## Directions for this task
An exact copy of all the data is needed, with every picture left out.

## Supplied data
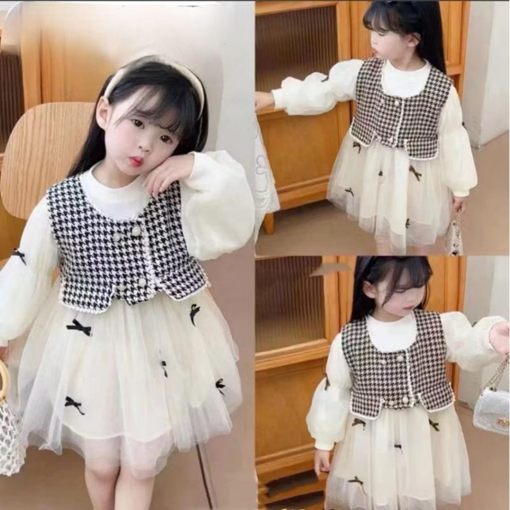 Lengan Balon Dress Anak Perempuan 1 - 4 Tahun Dress ara Anak Perempuan Lengan Panjang Motif Pita
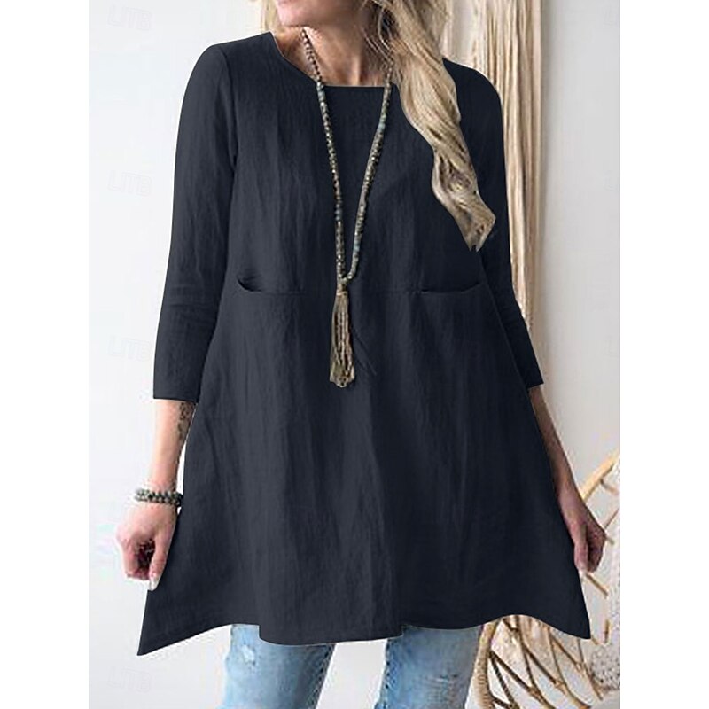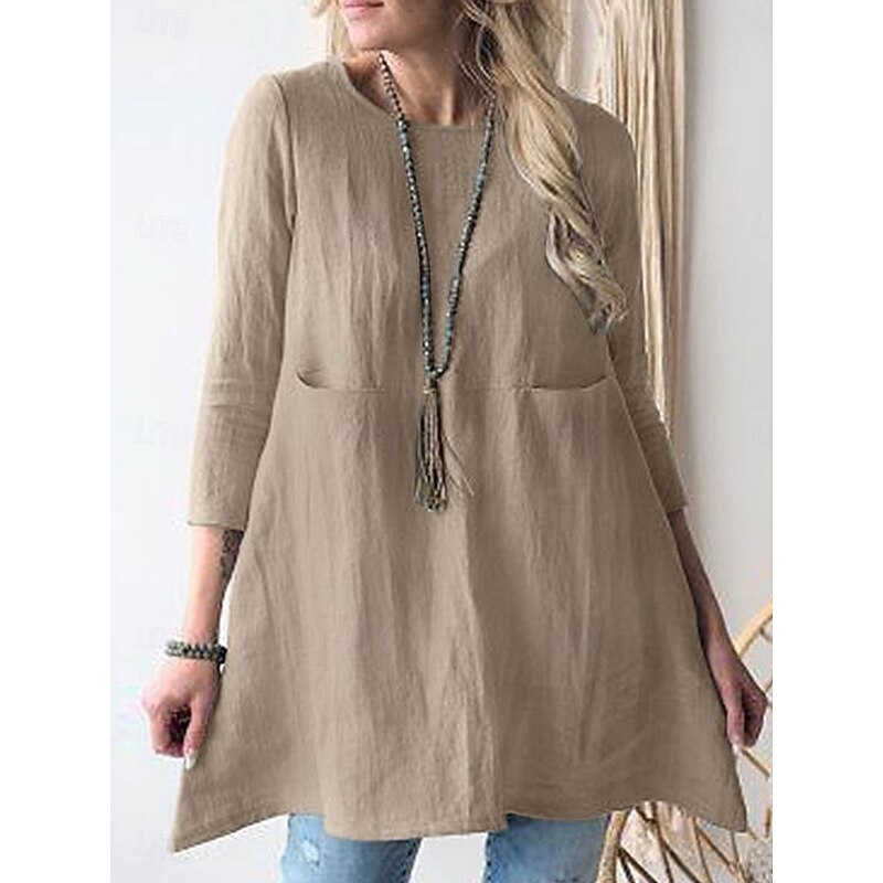 This Women's Mini Dress Cotton Linen Dresses Casual Dress modern Basic Casual Vacation Daily Loose Fit Plain 3/4 Length Sleeve Crew Neck Green Khaki Dark Blue Summer Spring Fall combines elegant design with practical functionality. Every detail has been carefully considered to ensure you get the best possible experience. The first-class construction means this product will serve you well for years to come.
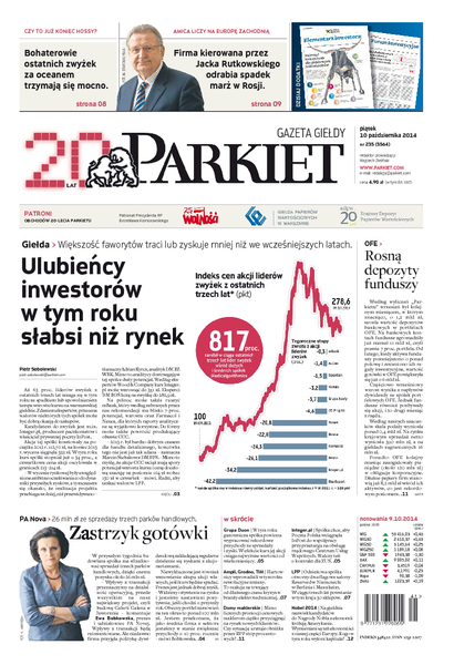 Największy w Polsce newsroom gospodarczy zbiera, analizuje i zgłębia dla Państwa najważniejsze informacje ze świata finansów. Codzienne wydanie „Parkietu”, sześć dni w tygodniu, to kilkadziesiąt artykułów o emitentach, instytucjach finansowych, gospodarce. To również opinie, felietony i wywiady z najważniejszymi ludźmi krajowej i globalnej finansjery.

## Problem solution
 Lengan Balon Dress Anak Perempuan 1 - 4 Tahun Dress ara Anak Perempuan Lengan Panjang Motif Pita
 This Women's Mini Dress Cotton Linen Dresses Casual Dress modern Basic Casual Vacation Daily Loose Fit Plain 3/4 Length Sleeve Crew Neck Green Khaki Dark Blue Summer Spring Fall combines elegant design with practical functionality. Every detail has been carefully considered to ensure you get the best possible experience. The first-class construction means this product will serve you well for years to come.
 Największy w Polsce newsroom gospodarczy zbiera, analizuje i zgłębia dla Państwa najważniejsze informacje ze świata finansów. Codzienne wydanie „Parkietu”, sześć dni w tygodniu, to kilkadziesiąt artykułów o emitentach, instytucjach finansowych, gospodarce. To również opinie, felietony i wywiady z najważniejszymi ludźmi krajowej i globalnej finansjery.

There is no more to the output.